▶ **RECORDED INFORMATION**

§

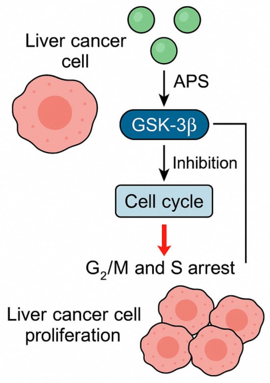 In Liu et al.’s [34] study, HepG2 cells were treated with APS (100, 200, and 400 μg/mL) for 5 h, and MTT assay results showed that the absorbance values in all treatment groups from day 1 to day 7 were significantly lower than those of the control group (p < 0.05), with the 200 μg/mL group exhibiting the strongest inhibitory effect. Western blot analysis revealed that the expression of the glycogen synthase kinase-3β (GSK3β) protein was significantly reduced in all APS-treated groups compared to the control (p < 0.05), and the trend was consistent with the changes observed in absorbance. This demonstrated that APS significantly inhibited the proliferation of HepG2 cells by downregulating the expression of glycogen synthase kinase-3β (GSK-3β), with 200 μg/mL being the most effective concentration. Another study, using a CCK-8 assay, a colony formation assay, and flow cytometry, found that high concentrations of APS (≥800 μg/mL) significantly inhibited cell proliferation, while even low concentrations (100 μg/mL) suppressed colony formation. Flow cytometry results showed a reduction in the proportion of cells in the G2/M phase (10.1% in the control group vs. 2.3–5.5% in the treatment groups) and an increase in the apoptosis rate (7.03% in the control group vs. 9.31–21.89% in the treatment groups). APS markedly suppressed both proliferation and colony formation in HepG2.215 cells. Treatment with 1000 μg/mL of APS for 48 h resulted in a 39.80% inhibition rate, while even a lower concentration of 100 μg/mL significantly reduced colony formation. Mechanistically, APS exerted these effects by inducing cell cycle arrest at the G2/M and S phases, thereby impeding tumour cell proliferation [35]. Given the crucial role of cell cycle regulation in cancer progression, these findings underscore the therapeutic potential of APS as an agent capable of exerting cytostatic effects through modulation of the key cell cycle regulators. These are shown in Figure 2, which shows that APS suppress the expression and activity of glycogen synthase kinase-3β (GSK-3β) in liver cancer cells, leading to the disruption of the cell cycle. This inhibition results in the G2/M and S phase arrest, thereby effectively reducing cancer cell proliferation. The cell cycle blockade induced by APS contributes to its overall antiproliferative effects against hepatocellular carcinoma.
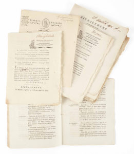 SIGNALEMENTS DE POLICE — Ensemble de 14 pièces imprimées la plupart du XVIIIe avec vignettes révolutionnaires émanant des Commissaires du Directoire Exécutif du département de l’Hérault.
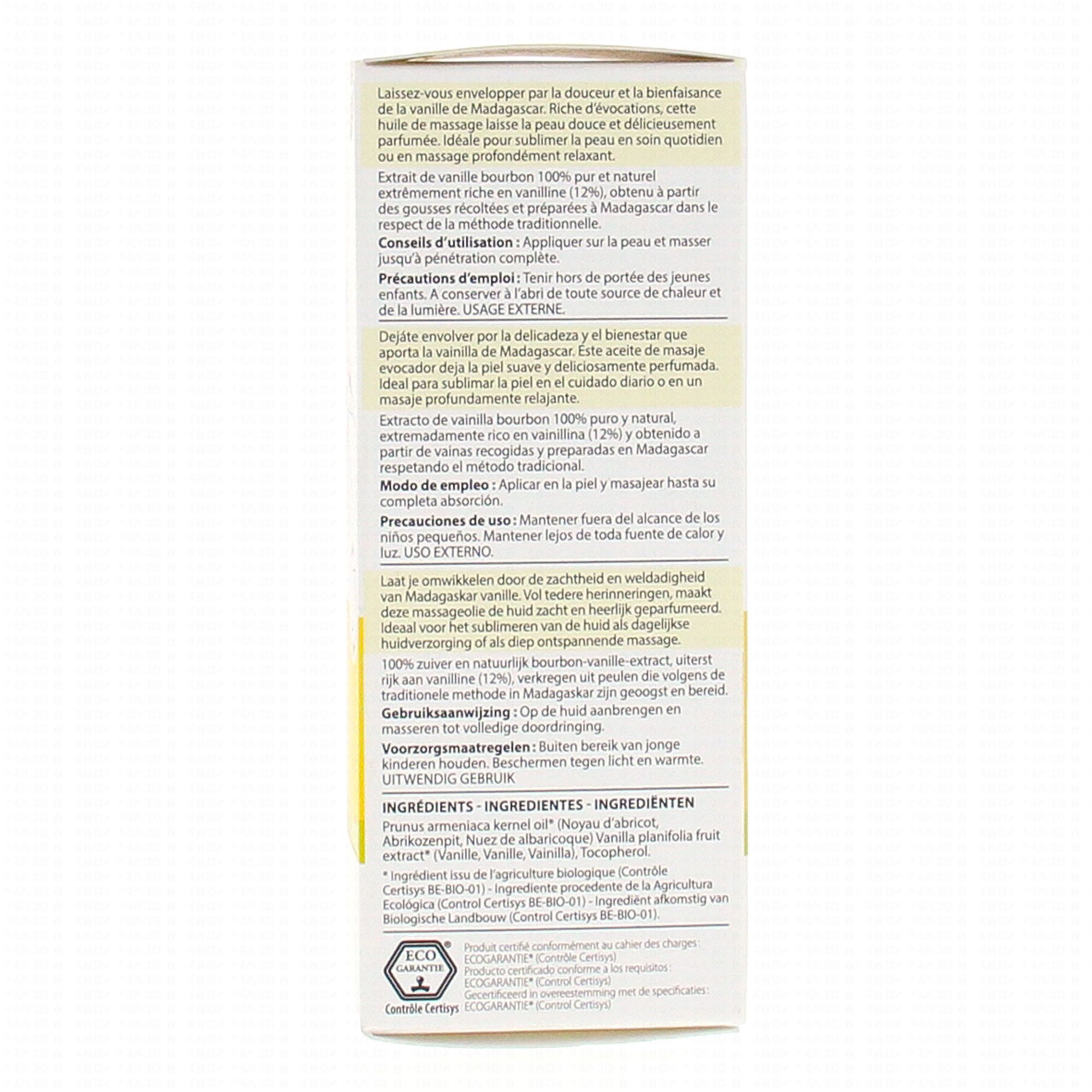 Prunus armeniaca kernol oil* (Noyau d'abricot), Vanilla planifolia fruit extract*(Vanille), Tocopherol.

§

▶ **YOUR GOAL**
Return the full listing exactly as written, without any of its images.

▶ **RESPONSE**
 In Liu et al.’s [34] study, HepG2 cells were treated with APS (100, 200, and 400 μg/mL) for 5 h, and MTT assay results showed that the absorbance values in all treatment groups from day 1 to day 7 were significantly lower than those of the control group (p < 0.05), with the 200 μg/mL group exhibiting the strongest inhibitory effect. Western blot analysis revealed that the expression of the glycogen synthase kinase-3β (GSK3β) protein was significantly reduced in all APS-treated groups compared to the control (p < 0.05), and the trend was consistent with the changes observed in absorbance. This demonstrated that APS significantly inhibited the proliferation of HepG2 cells by downregulating the expression of glycogen synthase kinase-3β (GSK-3β), with 200 μg/mL being the most effective concentration. Another study, using a CCK-8 assay, a colony formation assay, and flow cytometry, found that high concentrations of APS (≥800 μg/mL) significantly inhibited cell proliferation, while even low concentrations (100 μg/mL) suppressed colony formation. Flow cytometry results showed a reduction in the proportion of cells in the G2/M phase (10.1% in the control group vs. 2.3–5.5% in the treatment groups) and an increase in the apoptosis rate (7.03% in the control group vs. 9.31–21.89% in the treatment groups). APS markedly suppressed both proliferation and colony formation in HepG2.215 cells. Treatment with 1000 μg/mL of APS for 48 h resulted in a 39.80% inhibition rate, while even a lower concentration of 100 μg/mL significantly reduced colony formation. Mechanistically, APS exerted these effects by inducing cell cycle arrest at the G2/M and S phases, thereby impeding tumour cell proliferation [35]. Given the crucial role of cell cycle regulation in cancer progression, these findings underscore the therapeutic potential of APS as an agent capable of exerting cytostatic effects through modulation of the key cell cycle regulators. These are shown in Figure 2, which shows that APS suppress the expression and activity of glycogen synthase kinase-3β (GSK-3β) in liver cancer cells, leading to the disruption of the cell cycle. This inhibition results in the G2/M and S phase arrest, thereby effectively reducing cancer cell proliferation. The cell cycle blockade induced by APS contributes to its overall antiproliferative effects against hepatocellular carcinoma.
 SIGNALEMENTS DE POLICE — Ensemble de 14 pièces imprimées la plupart du XVIIIe avec vignettes révolutionnaires émanant des Commissaires du Directoire Exécutif du département de l’Hérault.
 Prunus armeniaca kernol oil* (Noyau d'abricot), Vanilla planifolia fruit extract*(Vanille), Tocopherol.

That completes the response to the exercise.